Please talk to Red Hat Support.

I have experienced the same issue and can add a bit more detail. Have been troubleshooting this since last week, as I had to exclude samba* from monthly patching on ~25 AD joined RHEL 6.10 VMs.

Upon updating to 3.6.23-52, id is no longer resolving any secondary security groups from AD, and only returns the primary group:

id first.last.adm

uid=########(first.last.adm) gid=########(domain users) groups=########(domain users)

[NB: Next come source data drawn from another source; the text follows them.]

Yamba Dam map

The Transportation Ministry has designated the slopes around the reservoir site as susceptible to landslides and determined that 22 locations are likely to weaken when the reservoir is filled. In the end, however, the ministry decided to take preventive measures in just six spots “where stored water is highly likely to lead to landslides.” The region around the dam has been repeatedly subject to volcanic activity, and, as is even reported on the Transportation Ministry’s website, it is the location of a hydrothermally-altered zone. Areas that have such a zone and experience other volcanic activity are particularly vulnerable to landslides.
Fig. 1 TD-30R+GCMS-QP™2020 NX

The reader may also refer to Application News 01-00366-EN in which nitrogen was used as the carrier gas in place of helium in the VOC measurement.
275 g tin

Prior to update, and on rollback to 3.6.23-51, the output of id first.last.adm:

uid=########(first.last.adm) gid=########(domain users) groups=########(domain users),########(sql_admins),########(plone_admins),########(beta_testers),########(domain_servers_local_admin),########(domain_servers_rdp_access),########(global_admins),########(vcenter_system_admins),########(linux_admins),########(domain admins),########(BUILTIN+users),########(BUILTIN+administrators)

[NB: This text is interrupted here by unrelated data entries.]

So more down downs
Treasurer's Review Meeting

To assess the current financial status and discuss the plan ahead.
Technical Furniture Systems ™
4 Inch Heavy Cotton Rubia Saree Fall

In this case, the linux_admins group is in the sudoers file. Have tested changing the primary group in AD to linux_admins: this resolves the sudoers problem, but not the underlying issue of not resolving secondary groups.

I have a case with this issue as well, 02457499.

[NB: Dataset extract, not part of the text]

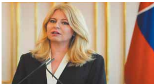
Slovakia's incumbent President Zuzana Caputova speaks during joint press statements with President elect Peter Pellegrini at the presidential palace in Bratislava, Slovakia, on Thursday. Slovak Prime Minister Robert Fico was in serious but stable condition Thursday, a hospital official said, after the populist leader was shot multiple times in an assassination attempt.

Slovak authorities charged a man Thursday with attempting to assassinate populist Prime Minister Robert Fico, saying the suspect acted alone in a politically motivated attack that laid bare the extreme polarization that has gripped the small central European country. Fico, 59, was in serious but stable condition a day after being shot multiple times in the stomach, a hospital official said. President-elect Peter Pellegrini said he spoke to Fico at the hospital but confirmed his condition "remains very serious." The attempted assassination has shocked the nation and reverberated across the continent weeks ahead of European elections. While President Zuzana Caputova called on everyone to take the opportunity to dial back the vitriol that has characterized the political debate, some government ministers took aim at Slovakia's media for contributing to the fractious atmosphere. Interior Minister Matus Sutaj Estok asked jour-

They updated these packages:
  samba.x86_64 0:3.6.23-52.el6_10
  samba-client.x86_64 0:3.6.23-52.el6_10
  samba-common.x86_64 0:3.6.23-52.el6_10
  samba-winbind.x86_64 0:3.6.23-52.el6_10
  samba-winbind-clients.x86_64 0:3.6.23-52.el6_10

And winbind is no longer able to pull supplementary groups. 

When they roll back the update the systems start working again.

Any help would be appreciated.

We have the same issues as described in this bug report. Started after upgrading to samba 3.6.23-52 which appears to have been released with backported patches for Bug 1638774.

Have the same issue described by JD above! Please correct it asap. Thank you.

I am also having the same problem and reverted back to 3.6.23-51. Strange as I am not using winbind. Anyone else having the same issues not using winbind?

*** Bug 1744767 has been marked as a duplicate of this bug. ***

Hello Team,

There are the customer words from my case (02457494):
===================================================================================================

Hi everyone,
I can confirm that the test RPMs appear to restore the supplemental groups to the user accounts:

Installed:
  samba.x86_64 0:3.6.23-52.el6_10
  samba-client.x86_64 0:3.6.23-52.el6_10
  samba-common.x86_64 0:3.6.23-52.el6_10
  samba-winbind.x86_64 0:3.6.23-52.el6_10
  samba-winbind-clients.x86_64 0:3.6.23-52.el6_10

# just one line of output
[root@tstel6-01 samba-test]# id adm_lai | sed 's/,/\n/g' | wc -l
1

# because no supplemental groups for the sed to newline
[root@tstel6-01 samba-test]# id adm_lai
uid=16778363(adm_lai) gid=16777729(domain users) groups=16777729(domain users)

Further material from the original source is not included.